Los datos son alarmantes. Según Marcio Pochman y Jesse Souza, que
reemplazó a Pochman en la presidencia de IPEA, son sólo 71.000
personas (el 1% de la población, que representa solo el 0,05% de los
adultos), los multimillonarios brasileños que controlan prácticamente
nuestras riquezas y nuestras finanzas y a través de ellas el juego
político. Esta clase adinerada, que Jesse Souza llama la clase
privilegiada, además de ser socialmente perversa es muy hábil, pues
se articula nacional e internacionalmente de manera que siempre
consigue maniobrar el poder del Estado en su beneficio.

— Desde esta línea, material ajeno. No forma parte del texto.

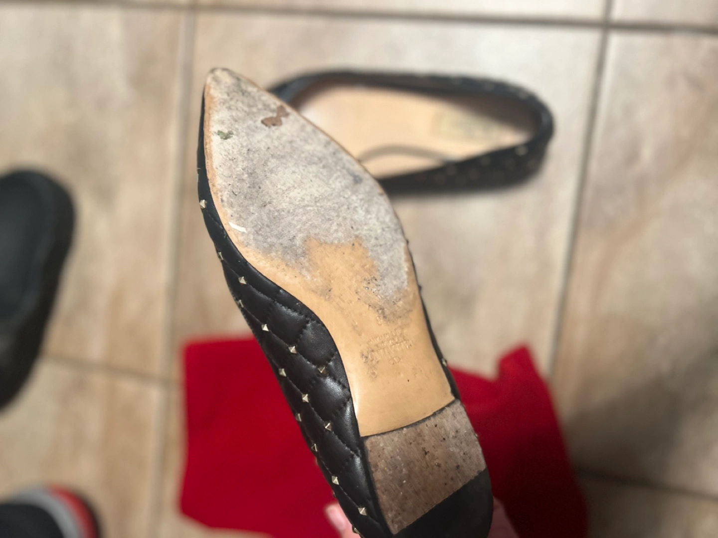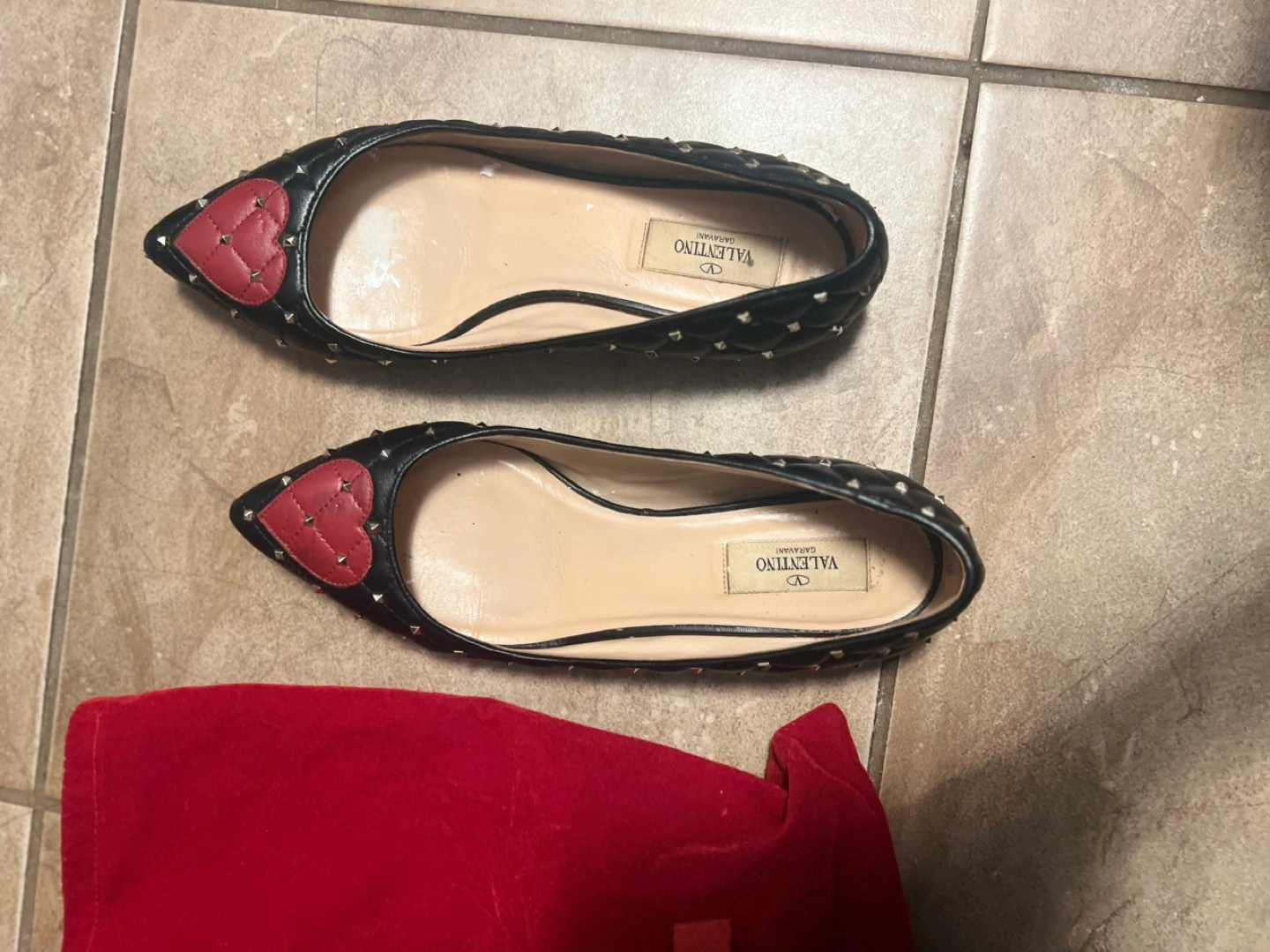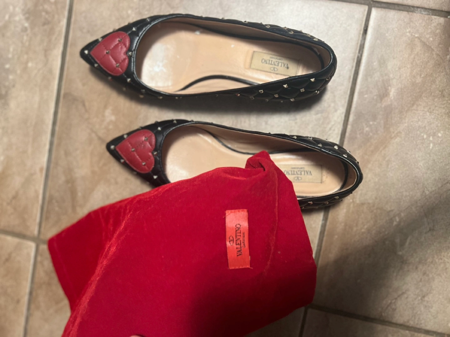 25Black leather flats with a red heart on the toe. Studs all over. Comes with a red dust bag.

Estimo que su logro más reciente fue inclinar la orientación de la
política
de
los
gobiernos
de
Lula-Dilma
hacia
sus
intereses
económicos y sociales, a pesar de las intenciones originales del
gobierno de practicar una política alternativa, propia de un hijo de la
pobreza y del caos social, como era el caso de Lula.
Con el pretexto de asegurar la gobernabilidad y de evitar el caos
sistémico, como se alegaba, esta clase privilegiada consiguió imponer
lo que le interesaba: mantener inalterable la lógica acumuladora del
capital. Los proyectos sociales del gobierno no obligaban a renunciar
a nada, antes bien eran adecuados para sus propósitos. Llegaban a
decir entre sí, que en lugar de que nosotros, la élite, gobernemos el
país, es mejor que gobierne el PT, manteniendo intocables nuestros
intereses históricos, con la ventaja de ya no tenemos ninguna
oposición. Él firma nuestros proyectos esenciales.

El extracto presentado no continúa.